# Which shower plate for a Heavenly? Is IMS Competition overkill for a newbie?



## ANDREWHE (Nov 27, 2015)

It looks like I should undertake a clean of the group head before presenting the second-hand heavenly as a present so I thought I'd get a new gasket while I'm at it, and then I saw the postage charges (from various companies) and looked around for an "add-on" to make it worthwhile. A new shower plate seemed a good, cheap addition.

Is it worth getting an upgraded shower plate for a newbie or is a standard Fracino plate just fine? I've seen IMS Competition mentioned on the Forum, but then some shops state some plates only fit some models of some Fracinos (Happy Donkey states the Fracino HD0877 plate only fits Fracino Series 1 & 2). So, is it worth it, and if so, what IMS Competition (or other plate) will fit the model of Heavenly that has no hot water tap (i.e. steam wand only - model no. 61831201 with a service sticker from 2001)?

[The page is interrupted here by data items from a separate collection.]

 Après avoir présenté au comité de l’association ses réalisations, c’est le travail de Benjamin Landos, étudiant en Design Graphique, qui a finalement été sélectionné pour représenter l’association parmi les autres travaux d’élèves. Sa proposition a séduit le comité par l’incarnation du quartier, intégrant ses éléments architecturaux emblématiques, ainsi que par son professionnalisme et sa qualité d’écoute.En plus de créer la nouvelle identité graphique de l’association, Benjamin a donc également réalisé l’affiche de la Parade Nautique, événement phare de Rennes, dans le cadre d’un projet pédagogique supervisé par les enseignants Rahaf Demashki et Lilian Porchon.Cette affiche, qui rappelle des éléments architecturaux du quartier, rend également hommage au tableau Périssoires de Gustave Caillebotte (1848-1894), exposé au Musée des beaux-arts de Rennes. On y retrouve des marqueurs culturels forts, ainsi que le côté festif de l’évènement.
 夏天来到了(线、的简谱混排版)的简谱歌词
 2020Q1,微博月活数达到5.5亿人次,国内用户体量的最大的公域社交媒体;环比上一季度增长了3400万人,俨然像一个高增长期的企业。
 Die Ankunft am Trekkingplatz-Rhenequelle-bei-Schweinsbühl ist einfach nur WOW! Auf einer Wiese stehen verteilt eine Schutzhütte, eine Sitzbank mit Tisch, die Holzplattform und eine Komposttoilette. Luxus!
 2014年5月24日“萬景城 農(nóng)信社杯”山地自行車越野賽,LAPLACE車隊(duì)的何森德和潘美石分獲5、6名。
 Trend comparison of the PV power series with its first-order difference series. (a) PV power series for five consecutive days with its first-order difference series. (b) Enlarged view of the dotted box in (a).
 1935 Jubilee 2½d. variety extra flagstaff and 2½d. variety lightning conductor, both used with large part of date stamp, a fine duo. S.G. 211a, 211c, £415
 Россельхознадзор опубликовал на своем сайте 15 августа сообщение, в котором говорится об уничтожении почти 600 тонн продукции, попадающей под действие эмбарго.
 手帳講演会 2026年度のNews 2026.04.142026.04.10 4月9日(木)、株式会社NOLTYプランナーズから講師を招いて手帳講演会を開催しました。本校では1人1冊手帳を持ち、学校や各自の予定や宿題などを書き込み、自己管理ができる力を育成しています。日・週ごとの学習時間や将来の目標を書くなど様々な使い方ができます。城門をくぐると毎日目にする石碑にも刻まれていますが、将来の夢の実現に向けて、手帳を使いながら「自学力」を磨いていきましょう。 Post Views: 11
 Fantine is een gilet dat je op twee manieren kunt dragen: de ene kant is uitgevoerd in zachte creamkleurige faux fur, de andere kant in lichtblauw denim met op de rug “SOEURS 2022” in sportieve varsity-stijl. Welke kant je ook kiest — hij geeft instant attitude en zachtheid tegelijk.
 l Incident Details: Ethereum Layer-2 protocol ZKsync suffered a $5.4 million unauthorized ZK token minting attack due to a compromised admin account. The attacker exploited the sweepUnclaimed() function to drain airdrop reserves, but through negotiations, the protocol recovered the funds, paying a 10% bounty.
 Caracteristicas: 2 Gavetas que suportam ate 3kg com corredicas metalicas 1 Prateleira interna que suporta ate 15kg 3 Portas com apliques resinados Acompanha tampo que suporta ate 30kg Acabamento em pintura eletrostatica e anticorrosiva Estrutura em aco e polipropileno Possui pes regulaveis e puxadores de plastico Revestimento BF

Oh, and the "cleanliness is next to godliness" sticky by DavecUK about cleaning E61 groups tells us to use a "non stick scrubby". Now I know I live in a cave and only venture out to sneer, but that's not something I've ever come across. What is it?


----------



## DavecUK (Aug 6, 2013)

ANDREWHE said:


> Oh, and the "cleanliness is next to godliness" sticky by DavecUK about cleaning E61 groups tells us to use a "non stick scrubby". Now I know I live in a cave and only venture out to sneer, but that's not something I've ever come across. What is it?


Sponge with a white slightly abrasive pad stuck to it. Available in all major supermarkets.

http://bonuslady.hu/termekoldal/teflon/teflon-szivacs-teljes.png

If you do get an IMS anything, you will be able to convince yourself you can taste the difference


----------



## ANDREWHE (Nov 27, 2015)

Thanks for the translation.


----------